Regional differences in brain activity (ALFF, mALFF, and zALFF) between SCD patients and controls

Region ALFF Control (mean) SCD (mean) P-value
Whole Brain ALFF 0.06 0.05 .26
mALFF 1 1 NA
zALFF −3.89E−09 6.00E−11 .16
CSF ALFF 0.13 0.12 .97
mALFF 2.15 2.47 .64
zALFF 1.87 2.55 .53
Grey matter ALFF 0.06 0.05 .25
mALFF 0.98 0.97 .002a
zALFF 0.04 0.02 .001a
White matter ALFF 0.04 0.04 .75
mALFF 0.63 0.75 .014a
zALFF −0.61 −0.42 .002a
a

Indicates statistical significance P < .05.

Regionally, voxel-wise comparisons (though limited by sample size) pointed to specific foci of ALFF differences consistent with prior reports. SCD patients tended to have lower ALFF in default mode network hubs such as the PCC and medial frontal cortex, as well as in parts of the parietal cortex. In contrast, higher ALFF was observed in SCD in regions like the ACC, insula, and subcortical areas. These patterns align with the aforementioned connectivity findings and literature: for instance, a prior study noted decreased ALFF in PCC and medial orbitofrontal cortex alongside increased ALFF in ACC and cerebellum in pediatric SCD.9 Our adult cohort appears to manifest a similar shift of resting activity away from the default-mode regions (perhaps due to damage or disconnection) and towards pain/reward regions like the ACC. Additionally, the increased white-matter ALFF in SCD likely reflects physiological noise from throbbing blood flow or gliosis-related changes; interestingly, periventricular white-matter regions (border-zone areas prone to ischemia) showed some of the greatest ALFF increases in SCD. These ALFF alterations are in line with the notion of chronic ischemia and pain driving changes in both neuronal and neurovascular coupling at rest.

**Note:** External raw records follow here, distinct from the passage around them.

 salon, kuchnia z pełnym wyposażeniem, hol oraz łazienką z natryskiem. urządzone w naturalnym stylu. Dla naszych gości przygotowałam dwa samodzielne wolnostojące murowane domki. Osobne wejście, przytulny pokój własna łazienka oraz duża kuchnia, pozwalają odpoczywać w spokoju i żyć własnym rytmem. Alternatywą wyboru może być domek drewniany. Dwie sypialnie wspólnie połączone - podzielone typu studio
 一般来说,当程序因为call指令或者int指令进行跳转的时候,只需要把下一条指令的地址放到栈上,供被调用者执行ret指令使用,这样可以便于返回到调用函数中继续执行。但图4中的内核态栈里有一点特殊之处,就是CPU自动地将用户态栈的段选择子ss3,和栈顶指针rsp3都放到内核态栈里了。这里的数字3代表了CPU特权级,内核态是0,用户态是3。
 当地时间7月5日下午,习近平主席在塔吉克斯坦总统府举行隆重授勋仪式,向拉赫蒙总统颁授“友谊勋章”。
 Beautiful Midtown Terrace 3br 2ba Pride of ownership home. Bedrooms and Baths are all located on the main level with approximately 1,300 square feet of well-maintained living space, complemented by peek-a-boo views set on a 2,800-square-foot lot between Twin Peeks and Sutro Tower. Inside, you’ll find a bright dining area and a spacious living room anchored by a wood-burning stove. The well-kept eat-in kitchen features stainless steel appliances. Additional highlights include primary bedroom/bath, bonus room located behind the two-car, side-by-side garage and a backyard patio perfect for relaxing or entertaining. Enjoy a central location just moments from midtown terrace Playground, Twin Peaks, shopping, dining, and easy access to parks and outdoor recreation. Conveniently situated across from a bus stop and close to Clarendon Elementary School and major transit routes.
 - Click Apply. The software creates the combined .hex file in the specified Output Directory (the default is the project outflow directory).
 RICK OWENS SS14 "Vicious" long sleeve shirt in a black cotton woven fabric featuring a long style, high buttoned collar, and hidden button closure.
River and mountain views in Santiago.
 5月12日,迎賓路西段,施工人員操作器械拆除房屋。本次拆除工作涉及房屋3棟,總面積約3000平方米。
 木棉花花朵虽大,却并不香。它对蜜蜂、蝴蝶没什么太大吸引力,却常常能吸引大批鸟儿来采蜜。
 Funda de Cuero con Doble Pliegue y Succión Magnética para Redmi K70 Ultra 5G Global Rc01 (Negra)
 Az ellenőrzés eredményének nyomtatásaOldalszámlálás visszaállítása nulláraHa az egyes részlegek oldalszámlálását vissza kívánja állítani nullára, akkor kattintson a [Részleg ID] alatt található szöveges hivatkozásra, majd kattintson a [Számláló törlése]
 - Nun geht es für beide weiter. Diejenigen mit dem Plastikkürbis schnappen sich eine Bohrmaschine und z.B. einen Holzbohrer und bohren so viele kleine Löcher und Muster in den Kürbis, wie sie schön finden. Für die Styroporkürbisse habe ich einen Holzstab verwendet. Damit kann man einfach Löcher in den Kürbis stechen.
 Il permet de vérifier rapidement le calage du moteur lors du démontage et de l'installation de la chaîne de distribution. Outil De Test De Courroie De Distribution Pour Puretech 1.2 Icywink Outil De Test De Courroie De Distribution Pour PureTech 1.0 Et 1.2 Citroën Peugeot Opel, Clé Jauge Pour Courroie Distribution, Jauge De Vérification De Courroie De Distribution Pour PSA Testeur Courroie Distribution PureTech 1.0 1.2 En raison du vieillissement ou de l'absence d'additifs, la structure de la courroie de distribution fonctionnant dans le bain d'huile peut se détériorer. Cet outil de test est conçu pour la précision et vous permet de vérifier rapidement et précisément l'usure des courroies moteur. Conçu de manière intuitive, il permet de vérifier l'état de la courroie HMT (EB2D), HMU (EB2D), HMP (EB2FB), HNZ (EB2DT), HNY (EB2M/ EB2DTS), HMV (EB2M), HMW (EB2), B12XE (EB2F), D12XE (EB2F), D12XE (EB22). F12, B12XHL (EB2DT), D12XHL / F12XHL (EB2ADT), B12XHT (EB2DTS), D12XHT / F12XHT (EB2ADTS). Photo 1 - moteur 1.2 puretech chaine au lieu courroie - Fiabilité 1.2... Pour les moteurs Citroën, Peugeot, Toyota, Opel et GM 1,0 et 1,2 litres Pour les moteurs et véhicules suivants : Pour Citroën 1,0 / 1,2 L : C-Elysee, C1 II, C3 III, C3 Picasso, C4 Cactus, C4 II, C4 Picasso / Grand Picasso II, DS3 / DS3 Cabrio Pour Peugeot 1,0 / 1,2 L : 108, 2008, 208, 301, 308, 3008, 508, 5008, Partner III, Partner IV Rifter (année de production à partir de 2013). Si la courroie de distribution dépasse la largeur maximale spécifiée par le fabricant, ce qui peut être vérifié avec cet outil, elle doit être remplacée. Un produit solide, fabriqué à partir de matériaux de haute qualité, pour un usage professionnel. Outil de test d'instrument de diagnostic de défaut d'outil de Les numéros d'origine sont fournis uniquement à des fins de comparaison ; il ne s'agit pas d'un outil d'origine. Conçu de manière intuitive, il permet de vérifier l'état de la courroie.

Associations between neuroimaging metrics, cognition, and pain; mediation analysis

We explored how the above neuroimaging abnormalities related to cognitive and pain measures. As noted, higher global CBF was significantly associated with slower processing speed. However, CBF was not significantly linked to pain sensitivity in this small sample (the trend was toward higher CBF relating to slightly less reported pain sensitivity, but not reaching significance). Interestingly, the rsFC and ALFF measures did not show strong linear correlations with the cognitive or pain scores in this pilot. For example, the overall extent of network hyperconnectivity (eg, average functional connectivity strength) did not correlate in a clear way with PSQ or cognitive composite. Similarly, PSQ scores were not significantly correlated with cognitive scores—SCD patients with high pain sensitivity did not necessarily perform worse or better on cognitive testing (eg, PSQ total vs. processing speed r ≈ 0.25, and vs. executive function r ≈ 0.14; both very weak associations). This suggests that, at least in this small group, the variance in cognitive impairment and pain perception may arise from partly distinct mechanisms.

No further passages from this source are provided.